"Observation and study are necessary to achieve mastery of light and form." Andrew Loomis

Basic Perspective
© 2001 Nita Leland

Perspective helps to create the illusion of reality by locating forms in space according to certain conventions. In most painting perspective doesn't have to be precisely correct, as long as it looks right. Your understanding of nature and correct observation make the difference between an awkward drawing and one that is convincing. Here are some tips and basic definitions to get you started:

    Linear perspective
  • horizon line: the artist's eye level
  • station point: where the artist is standing
  • picture plane: imaginary vertical surface through which artist views the scene, parallel to the art support (like looking through a window)
  • cone of vision: limits of vision beyond which distortion occurs (90 degrees--45 degrees to each side of the artist); similar to wide-angle distortion with a camera lens
  • vanishing point: a point at which parallel lines appear to converge.

    Aerial perspective
  • also called atmospheric perspective
  • suggests distance through soft edges, light values, cool color
  • suggests nearness through darker values, warm color, texture, crisp edges
  • utilizes sharper detail in the foreground

    Other means of suggesting distance
  • overlapping objects
  • converging lines
  • diminishing sizes
  • gradation of values and colors
  • light and shadow (also important to showing 3-dimensional form)

    Perspective hints
  • Use a good reference for artists, not a technical book. You don't have to know everything about perspective. You just have to know where to find what you need.
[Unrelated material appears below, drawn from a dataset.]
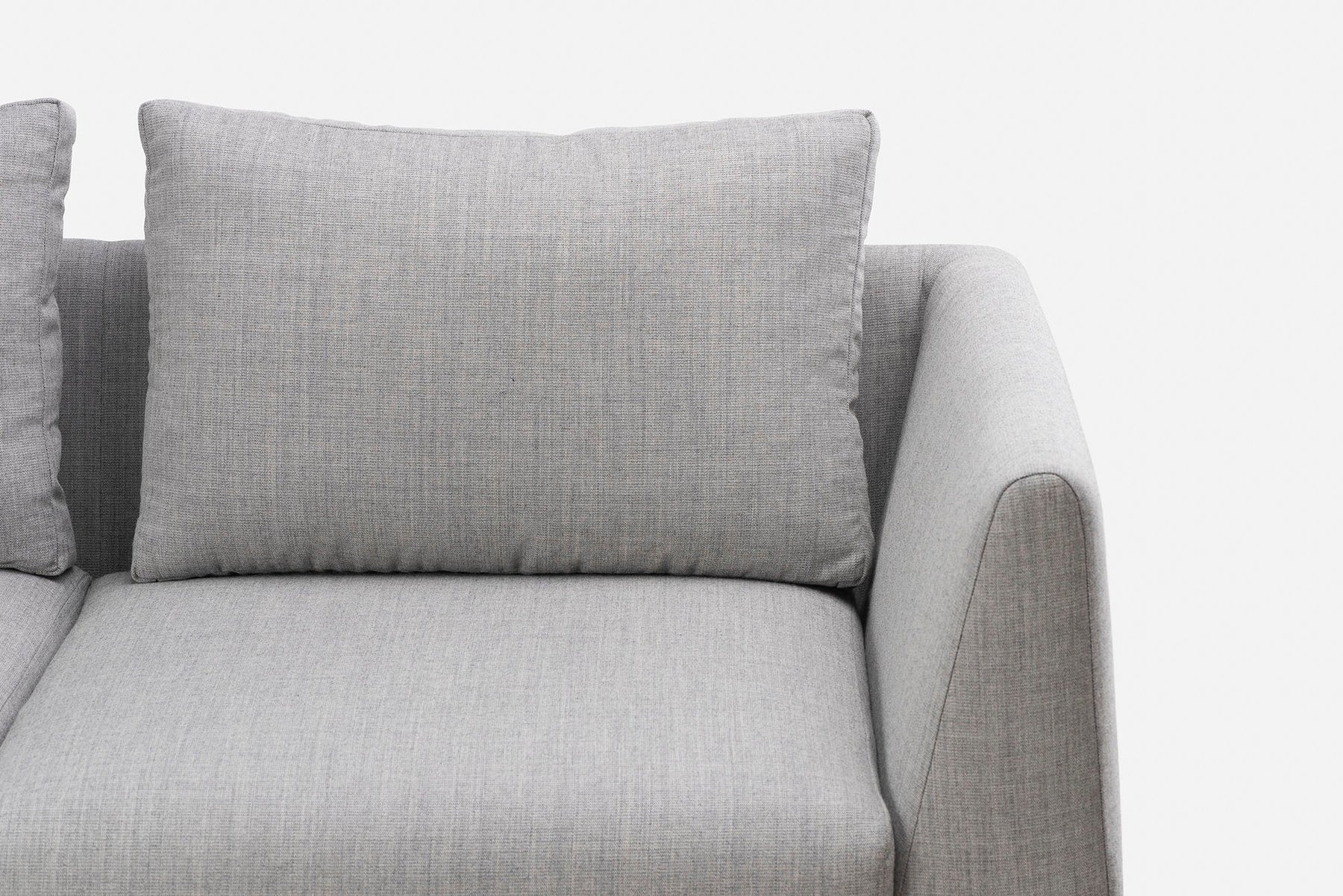 Hepburn is glamorous and light, with a tapered arm and a shallow base raised on slender solid wood legs, and an optional cross detail on the cushions. Available as a fixed 3-seater sofa or as a modular system.

You'll find some simple diagrams to get you started on p. 76 of The New Creative Artist.
    1. Perspective Made Easy by Ernest Norling is one of the best books for artists on basic perspective.
    2. Perspective Drawing Handbook by Joseph d'Amelio helped me to learn perspective and I still use it as a reference.
  • Learn the basics and look up the rest when you need it.
  • Measure and compare to achieve correct proportions.
  • Stick to one light source and one point-of-view in the picture, unless you are deliberately creating ambiguous space.
  • Learn how the subject is built so you can represent it correctly.
  • Learn how figures obey the rules of perspective.
  • Be aware of distortion in photographs and projection images.

Good luck with your adventures in perspective.